Taxing the Internet: The Rise of a Digital Media Tax

For a number of years, France, and others, (remember, the byte tax originally proposed by the Netherlands) have been raising the idea of a digital media tax.  We can all appreciate that the internet has revolutionized the way in which business is conducted and revenues are generated.  Gone at the static business models with very identifiable revenue streams.  Current tax laws are inadequate to capture the value digital activities being undertaken by multinational technology and digital media companies are creating.  To address this issue in a more formal way, France, in early 2013, commissioned a study on the taxation of the digital economy.  And more recently the European Commission has begun a study of its own by appointing a committee of experts to look at ways to tax internet companies.
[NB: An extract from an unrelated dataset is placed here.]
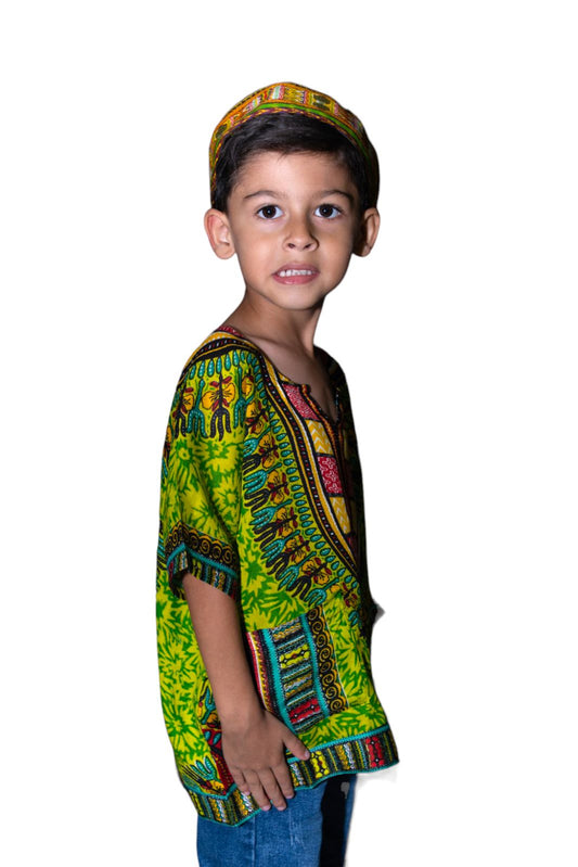 Camisa de Niño con Estampado Afrocaribeño Verde

The perceived, and currently untaxed, value created by internet companies is the difference between what is taxable without the presence of a permanent establishment (very little, if anything) and the revenues or value arising from user generated data and information.  Under the permanent establishment concept, present in most double tax treaties, a company that has no physical presence in a particular country is not subject to income tax on income arising from customers or users located in that country.  Internet companies are free to locate primary revenue generating activities in low or no tax jurisdictions, and use double tax treaties and other optimization methods to reduce worldwide income tax.

One justification for taxing the internet, was set out in the French commissioned report “L’Age de la Multitude” which pointed out that in order to reach its users, collect and market the data, companies like Google, Apple and Samsung, for example, rely on the infrastructure built by local public investment.  These internet companies, use the infrastructure and local technology networks without participating in its costs, by creating jobs or otherwise contributing to the local economy.
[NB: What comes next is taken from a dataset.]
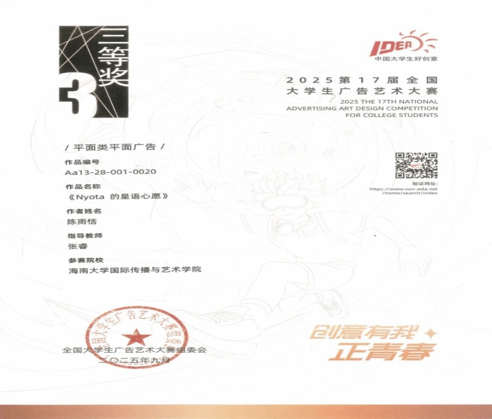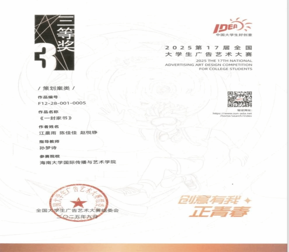 在本届大赛中,我院师生团队积极备赛、踊跃参赛,凭借扎实的专业功底与蓬勃的创造力,历经层层选拔与激烈角逐,斩获佳绩。其中,全国级奖项收获三等奖2项、优秀奖5项;省级奖项斩获一等奖6项、二等奖24项、三等奖35项,充分彰显了我院人才培养的扎实成效。同时,我院教师在赛事组织与区域推动工作中表现突出,获全国组委会高度认可—我院教师、大广赛海南赛区组委会秘书处孙梦诗,因卓越的组织协调能力被授予2025年度“优秀组织工作者”称号;我院教师、大广赛海南赛区负责人何晶娇,因在推动海南赛区成立、助力大赛走进海南高校、搭建省内外学子创意交流平台等方面的突出贡献,荣获 “最佳推动奖”,海南赛区同步获评“优秀赛区”称号。

The question being raised, is whether companies profiting from the user data collected should pay tax on that value created, where it is created.  India may be have taken the first step to creating a system to tax the internet, by imposing a duty to pay income tax on companies that have an economic nexus rather than a physical one.  Applying this concept, a company who has collected, combined and monitored users’ personal data would pay a tax on the value of that information.  Could this conundrum be resolved by requiring internet companies to register in each country in which they collect personal information from its users?  It must abide by local data protection laws anyway, registration could be imposed by minor amendments to data protection laws; or perhaps redefine the double tax treaty concept of permanent establishment to trigger a permanent establishment each time a user’s data is collected by the internet company.

There will be many more studies, reports, discussions and negotiations around how to tax the internet.  Although I would not expect imminent across the board acceptance of a tax on digital media, I do expect that a few countries will push to amend local tax laws to capture some of this value within its borders. Watch for the results of the EC study, expected to be out mid-2014, and further steps to be taken by France who may be the front runner in imposing a tax on internet companies.